WORK REQUEST: What is wanted is every line below from the one with "オレンジ。生卵。塩鮭。卵とイ" up to and including the one with "This HardKorr light", retyped exactly, pictures excluded, nothing else.

RECORDS PROVIDED:
□ □ □ □ □ □ □
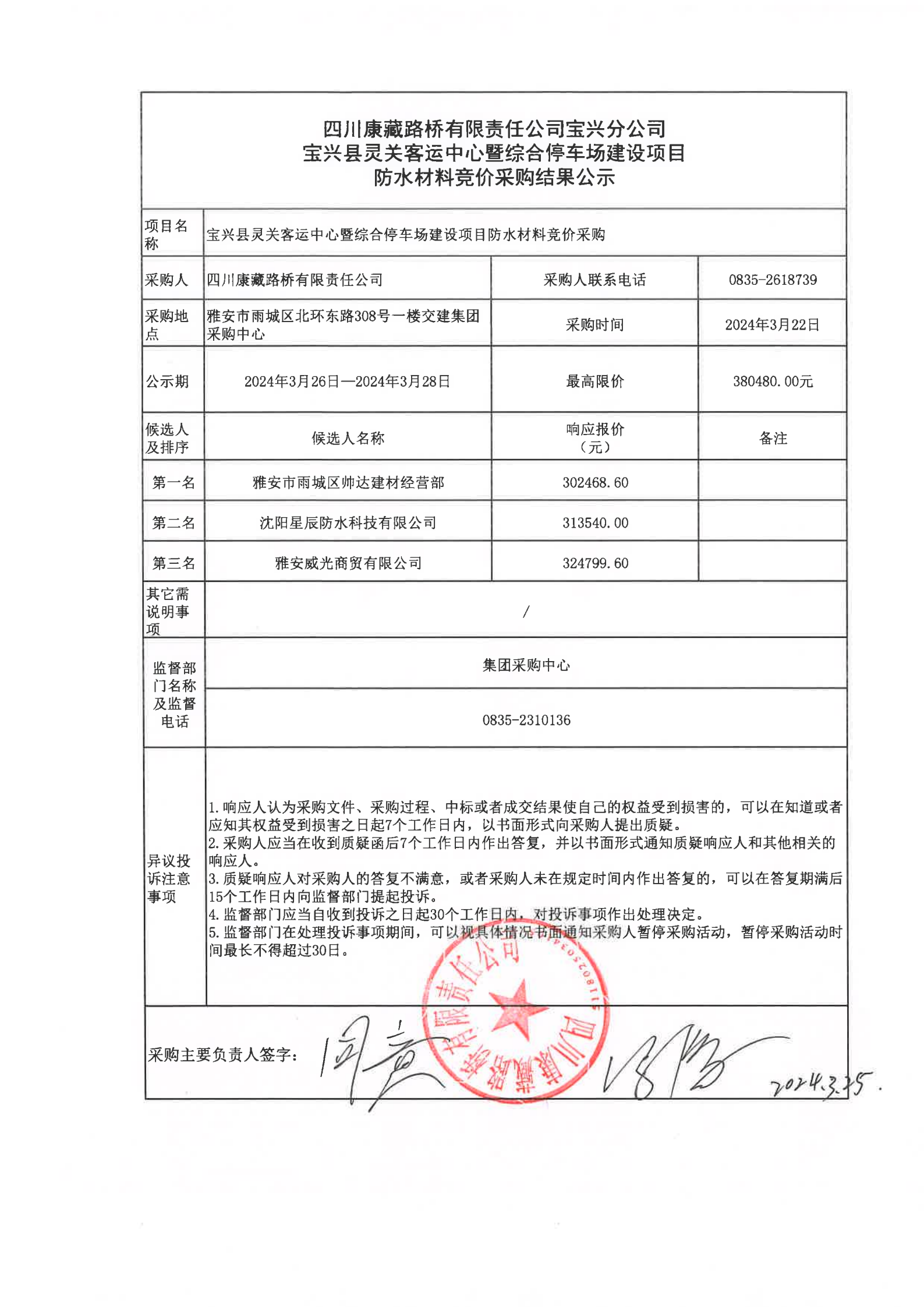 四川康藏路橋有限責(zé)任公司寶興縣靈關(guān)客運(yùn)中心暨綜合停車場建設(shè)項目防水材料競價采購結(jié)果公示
□ □ □ □ □ □ □
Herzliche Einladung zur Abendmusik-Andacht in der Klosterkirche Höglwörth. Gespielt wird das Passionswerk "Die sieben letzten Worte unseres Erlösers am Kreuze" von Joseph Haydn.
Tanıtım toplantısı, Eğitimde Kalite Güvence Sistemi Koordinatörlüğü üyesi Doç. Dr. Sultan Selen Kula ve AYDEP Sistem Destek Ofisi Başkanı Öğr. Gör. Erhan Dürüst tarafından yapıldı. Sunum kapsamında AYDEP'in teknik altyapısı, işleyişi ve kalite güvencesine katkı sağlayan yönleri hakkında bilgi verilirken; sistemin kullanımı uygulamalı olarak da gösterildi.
□ □ □ □ □ □ □
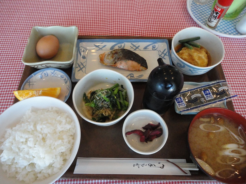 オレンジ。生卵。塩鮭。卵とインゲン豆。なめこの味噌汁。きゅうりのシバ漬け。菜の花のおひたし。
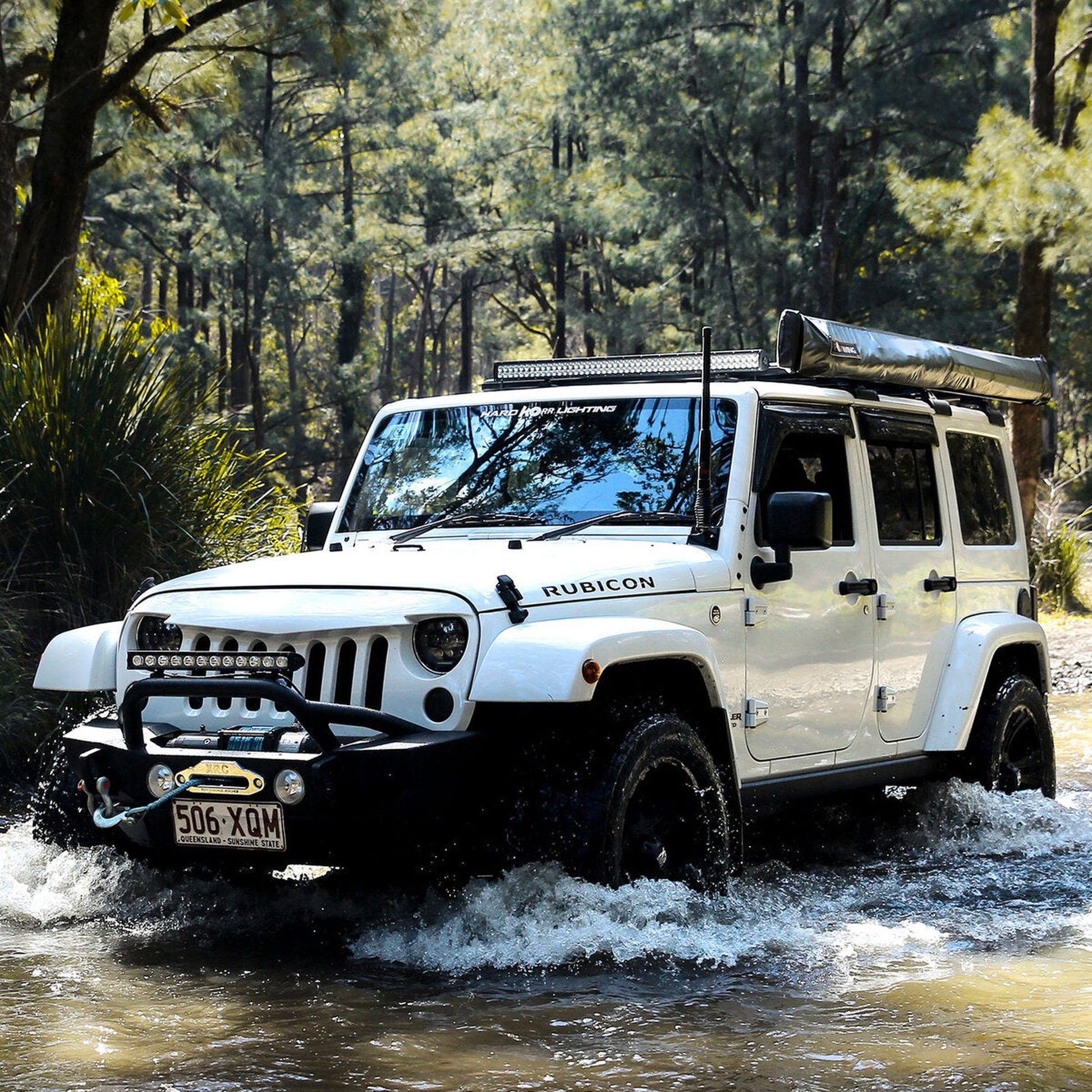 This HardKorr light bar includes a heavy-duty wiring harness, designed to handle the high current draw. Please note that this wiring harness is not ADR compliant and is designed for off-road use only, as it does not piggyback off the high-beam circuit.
□ □ □ □ □ □ □
RESULT OF THE EXERCISE:
 オレンジ。生卵。塩鮭。卵とインゲン豆。なめこの味噌汁。きゅうりのシバ漬け。菜の花のおひたし。
 This HardKorr light bar includes a heavy-duty wiring harness, designed to handle the high current draw. Please note that this wiring harness is not ADR compliant and is designed for off-road use only, as it does not piggyback off the high-beam circuit.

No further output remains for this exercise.